Visible to the public TWC: Small: Confidentiality Measurement of Complex Computations using Quantitative Information FlowConflict Detection Enabled

Project Details

Performance Period

Sep 01, 2015 - Aug 31, 2018


University of Minnesota-Twin Cities

Award Number

Concern about information privacy is a major obstacle to user adoption of new information technology applications, from smart phone applications to the deployment of automated workflows in the largest health-care and government enterprises. This project addresses privacy concerns caused by software through errors and malicious attacks. A major security concern about software revolves around whether computers reveal information that they should not. Much of the information we entrust to computers might be described as secret, private, or confidential, because we want to limit who has access to it. However many things can go wrong in computer systems to allow information to be revealed when it should not. In this project the focus is on the information that is present in the results of a computation. A computation might take information from several sources and combine it in a complex way to produce output. These outputs are usually not in a format that can easily be read directly by people, thus the output from a computation may be undesirably "leaking" information without our knowledge. The project tackles this problem using techniques called quantitative information flow analysis, which allow one computer program to automatically determine how much information another computer program is revealing. For instance, such an analysis system might report that one program always reveals 4 bits of secret information, while another program revealed 1000 bits of secret information in its most recent execution. By comparing these measurements to the expected behavior of a program, one can detect situations that might be causing a program to reveal information that it should not. Previous quantitative information flow analysis systems have demonstrated that the basic approach is sound, but they have been limited in the kinds and sizes of programs where they are effective, and they require guidance from software developers to obtain good results. This project will develop new techniques that eliminate these restrictions to make quantitative information flow analysis more widely applicable.

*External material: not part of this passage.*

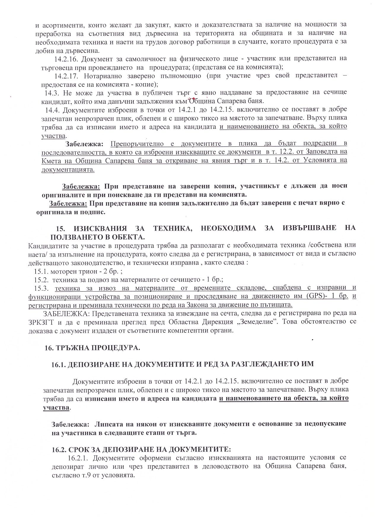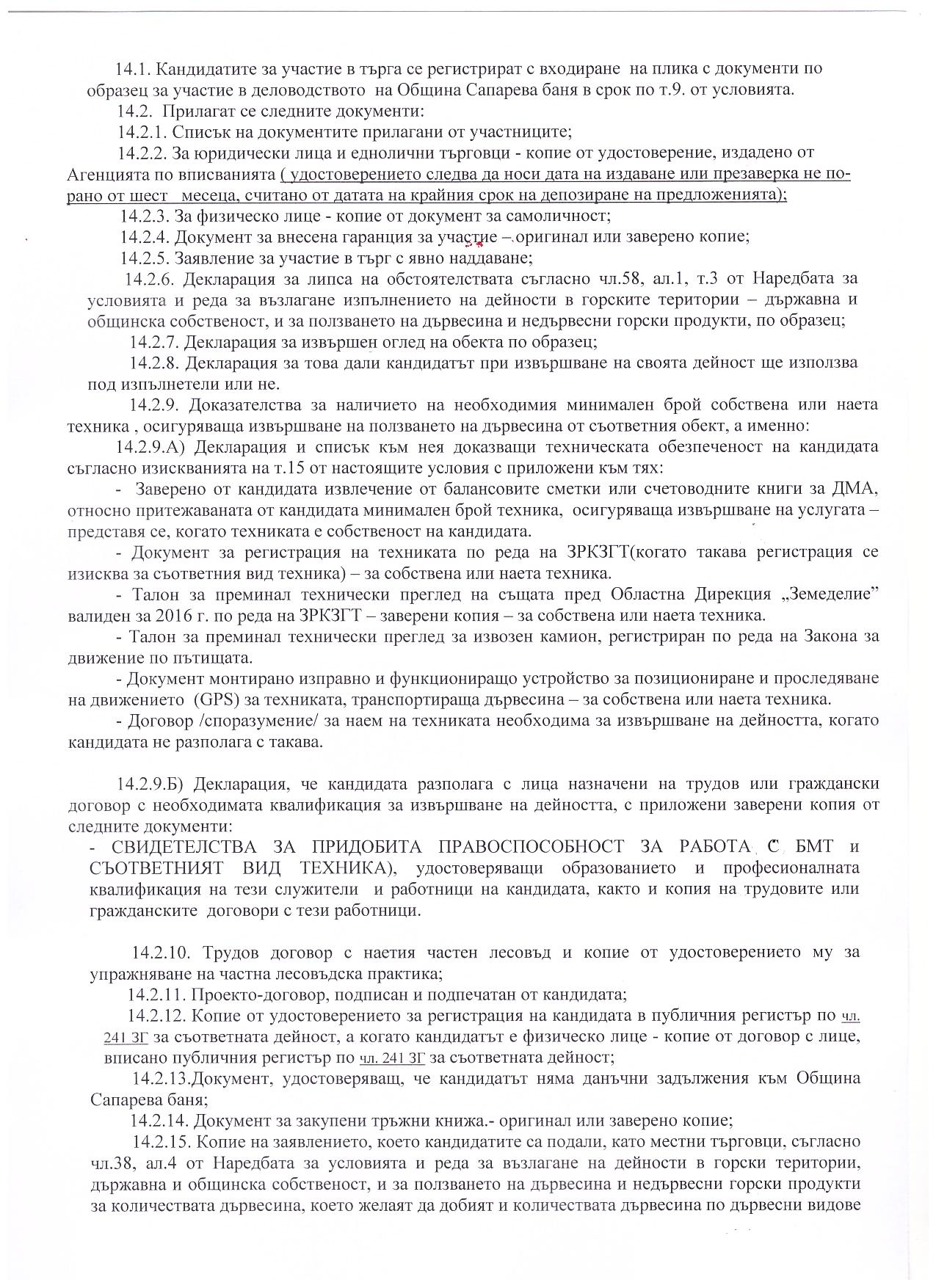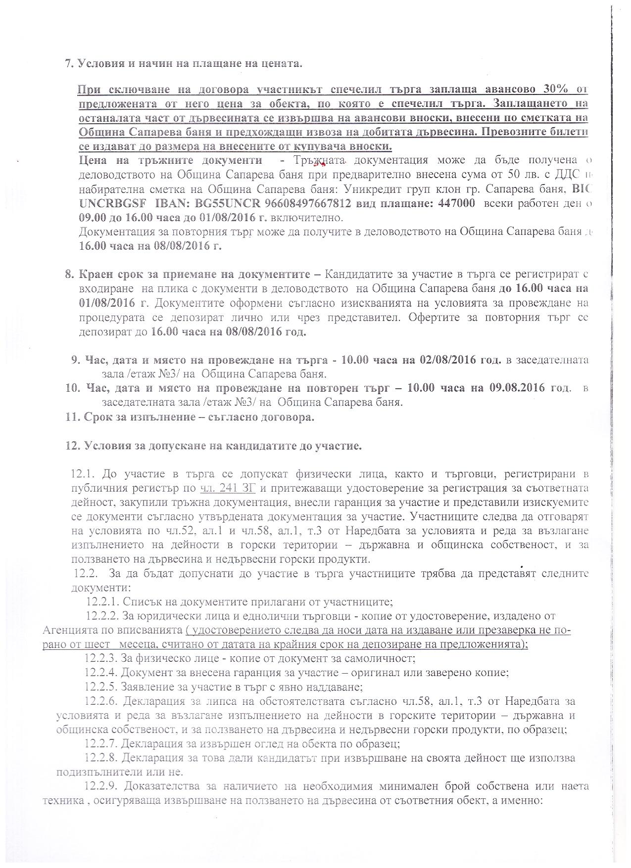 3.1.Гаранция за участие за обект № 033 – отдели 114-б, 119-в, 120-е - 5% от началната цена 185 714.00 без ДДС или 9 285.70 лева без ДДС. Гаранция за участие се внася по набирателна сметка на Община Сапарева баня: Уникредит груп клон гр. Сапарева баня, BIC: UNCRBGSF IBAN: BG78UNCR 9660 3367430615 до 16.00 ч. на 01/08/2016 г.

The quantitative information-flow techniques, which measure the number of bits of information about secret computation inputs that are revealed by computation outputs, give a measurement that can be evaluated separately without reference to the intended meaning of the computation results and without additional annotation or specification of the subject program. By combining a quantitative analysis with techniques from taint analysis and symbolic execution, the tools can track in a precise way where secret information flows, and the connection between input values and output values. Quantitative information-flow measurement has not yet seen practical adoption because existing approaches have too high overhead, do not naturally support multiple kinds of secret data, are limited in the software to which they apply, and/or require occasional developer annotations. The project seeks to overcome the limitations of previous approaches by generalizing the underlying techniques and improving their precision, while at the same time improving their performance and applicability via staged optimizations and complete automation. The research will demonstrate the approach by application to a number of realistic challenge problems in computer security and privacy.